Higher-level languages like Java running on top of advanced VMs like the
Hotspot JVM -- are high-level enough such that you NEVER know what's
happening.

Even dropping to JVM bytecode doesn't help you much, as that doesn't show you
how data moves in and out of the registers, how decisions on compiling
hotspots / inlining functions are made, or how allocated objects move through
GC-generations. You also lose control a lot. When you drop down to assembly,
tail-calls are trivial for instance, not to mention dealing with cache
pressure becomes a lot simpler.

What high-level languages give you (versus assembly) is a way to express
intent, rather than details that you don't care about in general.

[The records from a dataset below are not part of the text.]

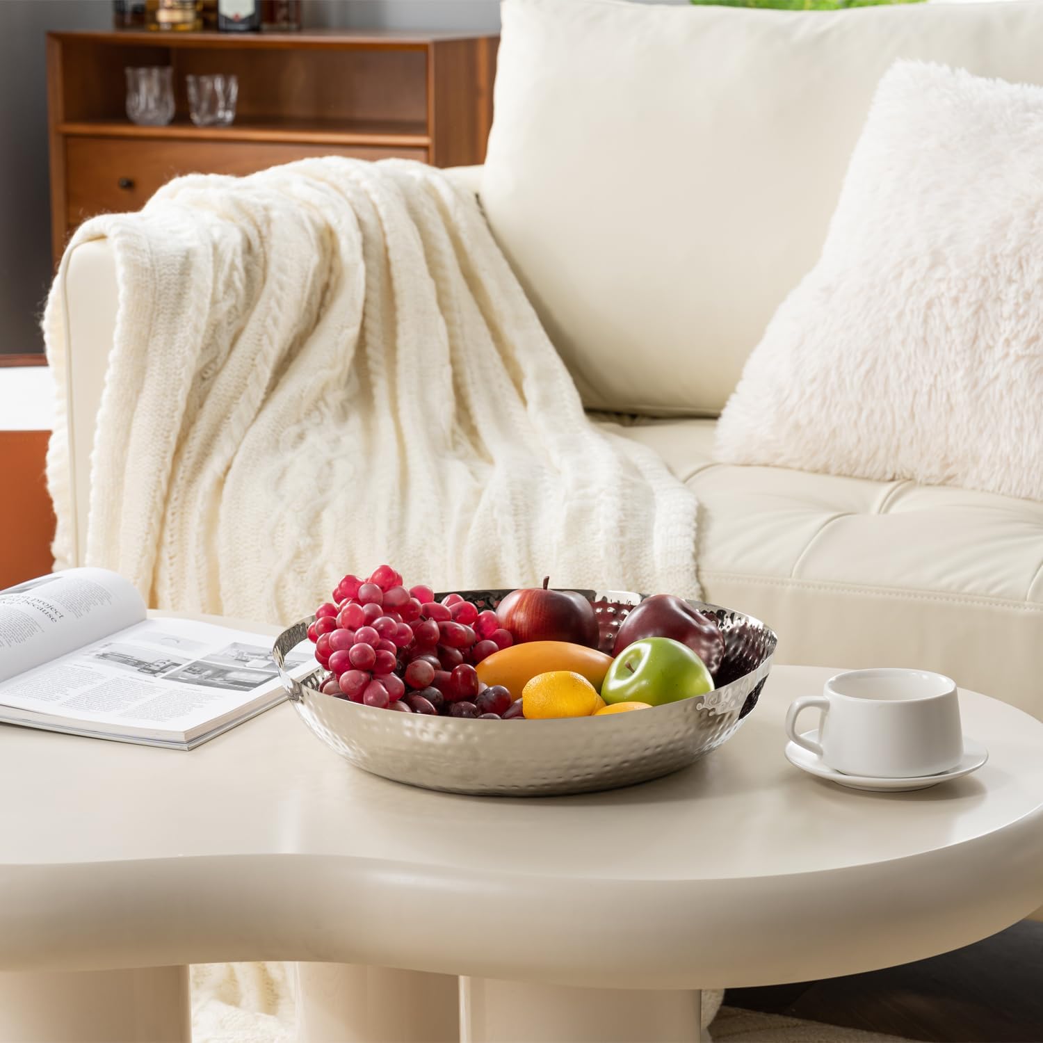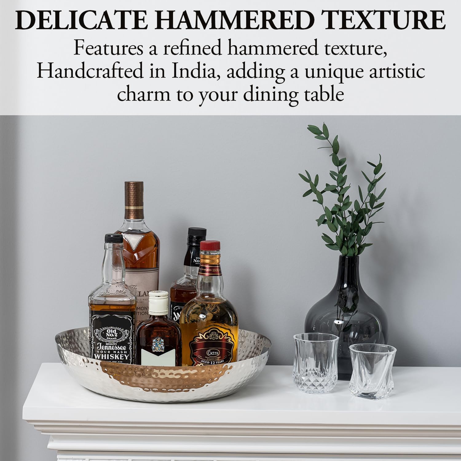 MyGift 14 Inch Deluxe Decorative Dish Tray Centerpiece Base, Silver Tone Plated Hammered Aluminum Fruit Bowl Serving Platter with Cutout Handles - Handcrafted in India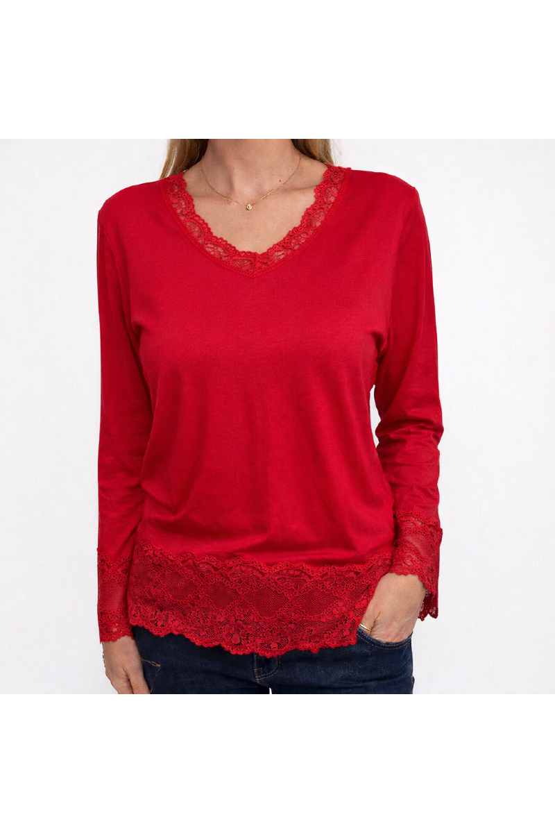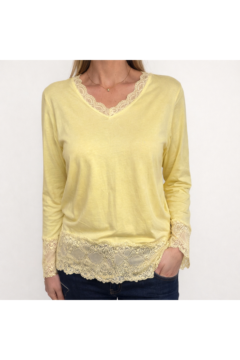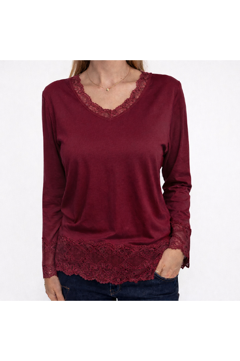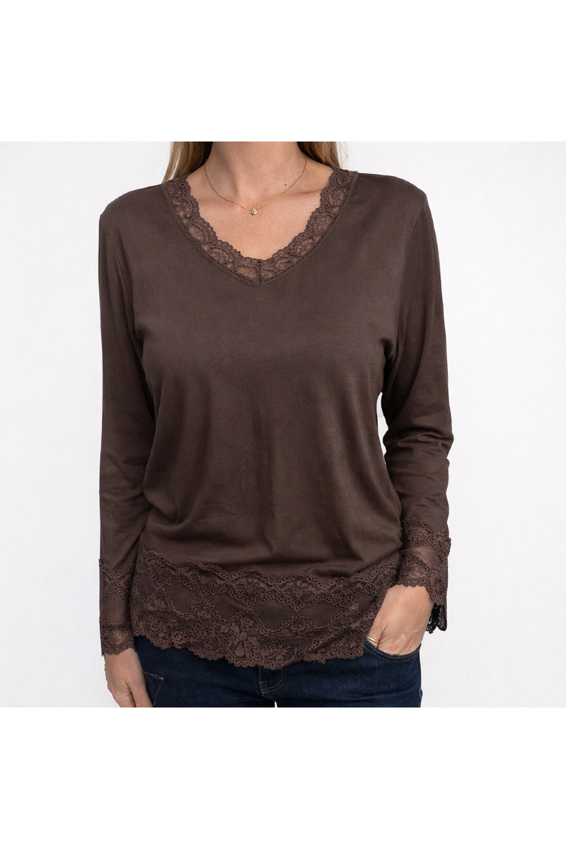 Bred spets nertill och i v-ringningen.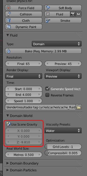 Estoy trasteando con la simulación de fluidos en Blender 2.6, y cuando creo un domain los controles de gravedad me salen desactivados ¿alguien podría decirme por qué?

Which is no different from having macros in your language, or other high-level
abstractions, in which you invent your own language for expressing intent,
rather than deal with useless details that you don't care about 99% of the
time.

    
    
        Foo foo = foos.next()
    

But that line isn't really clear. It's saying stuff like - give me a Foo right
now. But what happens when there are no more Foos to be given? Does it return
a Null? Does it trigger an exception? That line of code also doesn't express
intent. So you've got a Foo. Now what? And have I mentioned that objects in
"foos" may not be Foo instances?

Basically that whole line of code is totally worthless boilerplate.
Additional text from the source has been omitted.